Mais tarde, depois de um reconfortante banho, tomei um ônibus e fui passear no bairro Capivari, onde também aproveitei para almoçar.

Finda a refeição, tomei um circular e fui até o bairro Albernessia para acessar a internet.

Aproveitei minha estada ali para clarificar minhas dúvidas num ponto de táxi, posto que eu não tencionava prosseguir o Caminho da Fé via Estação Piracuama e Pindamonhangaba, que fazem parte do roteiro oficial.

Ao contrário, minha intenção era acessar o Caminho de Pedrinhas que tem seu início no outro lado da cidade, por isso tentei checar quilometragem e orientações para localizar esse roteiro.

Mais tarde na Pousada, recebi orientações da Bianca sobre minha decisão para o dia seguinte.

Ela me disse que eu deveria seguir até o Horto Florestal, distante 16 quilômetros do local onde eu me encontrava, e dali prosseguir por terra até Aparecida.

Porém, enfaticamente, não me aconselhou a fazer tal trajeto a pé, posto que ele é todo asfaltado, urbano, em praticamente toda a sua extensão, não possui calçada ou acostamento, que me permitisse seguir despreocupado com o tráfego de veículos.

Além disto, em seu final, transita-se por bairros periféricos, onde eu poderia correr algum tipo de perigo em termos físicos, em face do horário extemporâneo.

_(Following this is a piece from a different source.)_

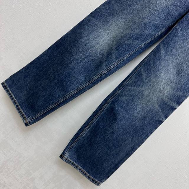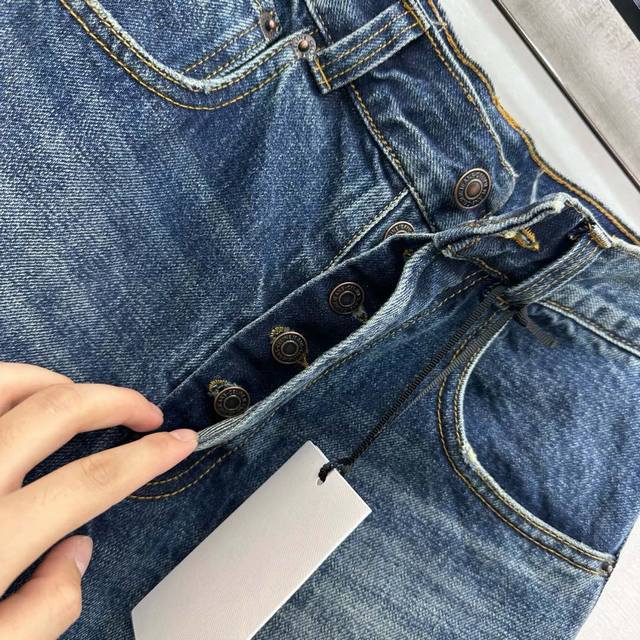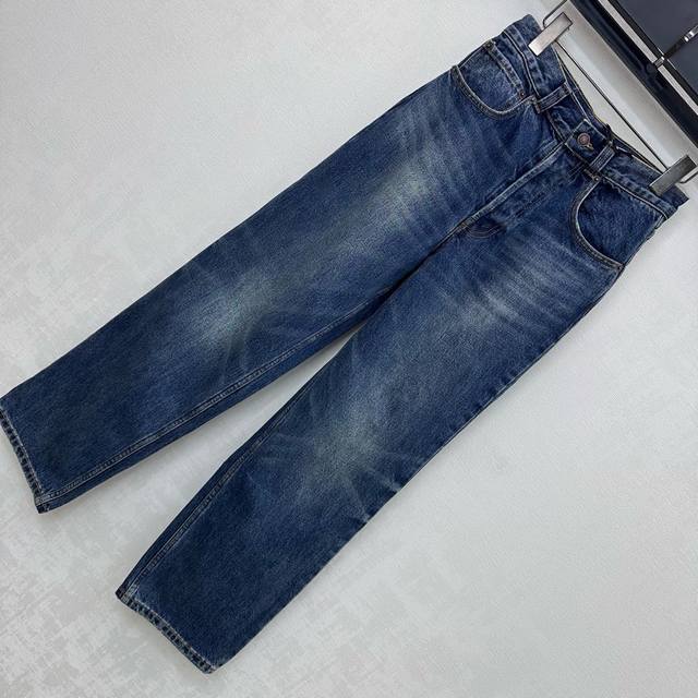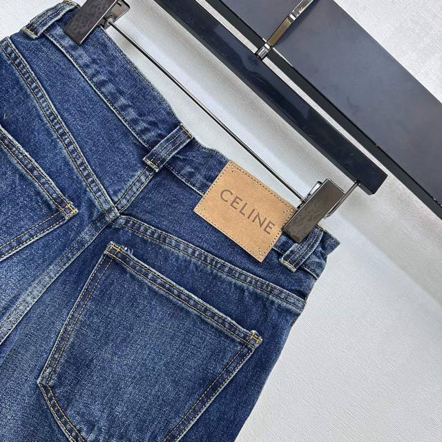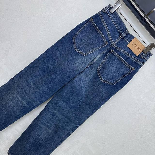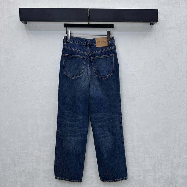 Celin*2025 New Arrival: High-Waisted Straight-Leg Jeans, Custom Made with Imported Twill Cotton Denim, Crisp, Comfortable, and Stylish. Enzyme Wash Retro Dark Blue Distressed and Whitened Process Adds a Layered Look. The Back Waist is Adorned with a Signature Letter Leather Tag, Showcasing the Brand's Style. New Fabric and Accessories. Button-Up Straight-Leg Jeans. Easy-to-Pair Tops. Relaxed and Stylish. High-Version.

Existem ônibus que fazem o trajeto cidade-Horto por preço acessível, porém eles só iniciam tal itinerário após as 7 horas.

E como eu pretendia sair o mais cedo possível, combinei fazer tal percurso com um taxista, com o fito de agilizar minha partida.

Tudo resolvido, tomei um lanche e depois me recolhi, pois fazia bastante frio naquela noite.

AVALIAÇÃO PESSOAL – Uma etapa duríssima, mormente se você estiver carregando uma mochila com 8 quilos nas costas, como eu, durante todo o trajeto. Entretanto, transita-se por locais belíssimos, extremamente arborizados e quase sempre sobre piso em terra. No geral, um dos percursos mais difíceis dentre todos os que cumpri no Caminho, pela extrema variação altimétrica que necessita ser sobrepujada durante o trajeto.